=== WORK REQUEST ===
Give again, word for word, each line of the data from the first through the one containing "这是涂装工厂中作为首道工序的". Pictures stay out.

=== RAW DATA ===
....

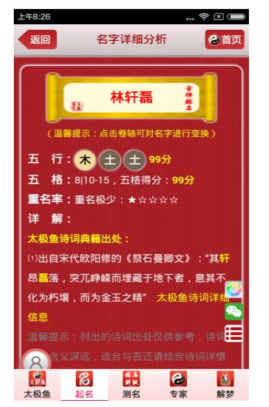 该应用是关于周公解梦的小工具,里面涵盖了情爱,鬼神,建筑,动植物,人物,生活,身体,物品,自然等几乎所有类型的梦境。类型下还有细分,可以说是太极鱼起名算命。 梦,准确的说,其实也是人的第六感的一种表现状态,因此才会有解梦这一说。众所周知,第六感又名“超感官知觉”,俗称“预感”。人类的潜在的第六感是在其它五个感官受到一定的刺激后,才会激发,因此产生出的。 因为人本身有第六感的预感能力,因此在梦中,第六感所产生的能力也是同样呈现的。睡梦中第六感所预见到的一些事情,未来的生活中会验证。因此,也就有了“解梦”一说。
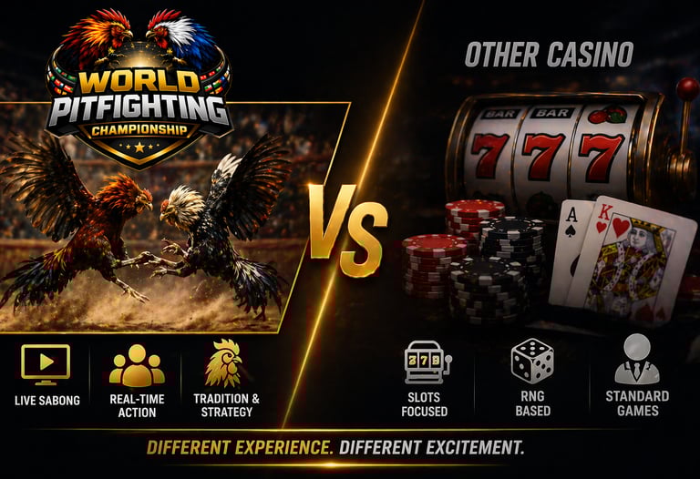WORLD PITFIGHTING CHAMPIONSHIP SABONG in 2026 offers a unique alternative to traditional online casinos. By focusing on live sabong, real-time interaction, and cultural relevance, it delivers a different kind of excitement that stands apart from standard gaming platforms.
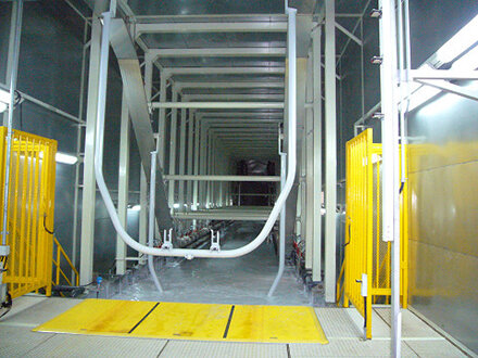 这是涂装工厂中作为首道工序的前处理·电泳工序所使用的悬挂式输送机。根据方式和能力不同,分为多种类型。
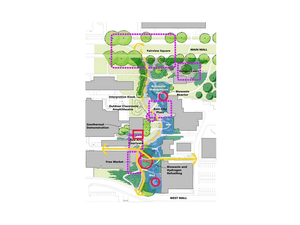 This project implements a working model of sustainable public realm design that showcases sustainability initiatives at UBC - Canada’s leader in campus sustainability research and practice. The Sustainability Street project brought together various university departments, including faculty, staff, and operations, to enhance the function and coherence of the public realm. Existing site conditions were thoroughly analyzed and then carefully matched to the program elements proposed for the site. The result is an innovative public space that connects people, ideas and environmentally-focused technology. Sustainability Street addresses the challenges of an increasingly urban world, demonstrating closed-loop solutions for collecting storm water, treating wastewater and generating energy.

....

=== REPLY ===
 该应用是关于周公解梦的小工具,里面涵盖了情爱,鬼神,建筑,动植物,人物,生活,身体,物品,自然等几乎所有类型的梦境。类型下还有细分,可以说是太极鱼起名算命。 梦,准确的说,其实也是人的第六感的一种表现状态,因此才会有解梦这一说。众所周知,第六感又名“超感官知觉”,俗称“预感”。人类的潜在的第六感是在其它五个感官受到一定的刺激后,才会激发,因此产生出的。 因为人本身有第六感的预感能力,因此在梦中,第六感所产生的能力也是同样呈现的。睡梦中第六感所预见到的一些事情,未来的生活中会验证。因此,也就有了“解梦”一说。
WORLD PITFIGHTING CHAMPIONSHIP SABONG in 2026 offers a unique alternative to traditional online casinos. By focusing on live sabong, real-time interaction, and cultural relevance, it delivers a different kind of excitement that stands apart from standard gaming platforms.
 这是涂装工厂中作为首道工序的前处理·电泳工序所使用的悬挂式输送机。根据方式和能力不同,分为多种类型。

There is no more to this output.